If you have not used Parrot with NCS pipelined with Buccaneer, give it a
try. I was very pleasantly surprised (and impressed) at how efficient
this was at getting me to a place where I could start refining the final
structure.
Your data quality may hamper your ability to solve the structure,
especially if you have a large number of overlaps in your
high-resolution data. In that case, I wonder if you might fare better by
using data cut off to a lower resolution, where the overlap issue is not
as severe. With your unit cell, you are probably looking at a long
camera distance and thin-slicing to get usable data. That's what we have
to do with a 50 x 150 x 250 A unit cell (C2) which is favored by one of
our favorite proteins and its variants.
Cheers,
_______________________________________
Roger S. Rowlett
Gordon & Dorothy Kline Professor
Department of Chemistry
Colgate University
13 Oak Drive
Hamilton, NY 13346
tel: (315)-228-7245
ofc: (315)-228-7395
fax: (315)-228-7935
email: rrowl...@colgate.edu
On 10/26/2012 8:27 AM, Seijo, Jose A. Cuesta wrote:
Hi all,
I am dealing with a molecular replacement problem for a 60KDa protein
composed of 2 rigid domains joined by a flexible linker which can move
relative to each other. Sequence identity for my best model is 46%
evenly spread, so in principle this should be a tractable problem.
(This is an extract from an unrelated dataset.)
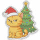 Sticker Cranky Orange Tabby Cat Red Hat Christmas Tree
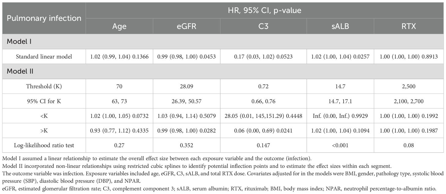 Age, eGFR, and C3 were used as continuous variables, and RCS were used to fit smooth curves. As shown in Figure 4, the risk of infection increased with higher age and sALB levels, decreased with increasing eGFR and C3 levels, and showed a non-linear pattern with RTX—rising initially and then declining. Threshold effect analysis indicated a significant threshold for ALB (p < 0.05), with the estimated inflection point (95% CI) at 14.7 g/L (14.7–17.1 g/L) based on the log-likelihood ratio test (p < 0.001). No significant threshold effects were observed for the other four variables (p > 0.05) (Table 3).

Then the problems start to pile up:
a)The unit cell is 56.7Å, 288.5Å, 69.4Å, 90 93.5, 90. Spacegroup P21.
Rmerge 12% to 2.4Å. The data also merges relatively well (Rmerge 16%)
in P222 with the same a, c and b axes, now of course in that order. In
the P21 case, that corresponds to 4 monomers in the asymmetric unit
with a solvent content of approx. 50%, giving me 8 domains to find if
I separate them.
b)The 288 axis means that my data show some overlap in almost all
orientations (might be corrected in the future with new datasets), so
that my low resolution data are likely unreliable.
c)Intensity distributions suggest twinning in either point groups.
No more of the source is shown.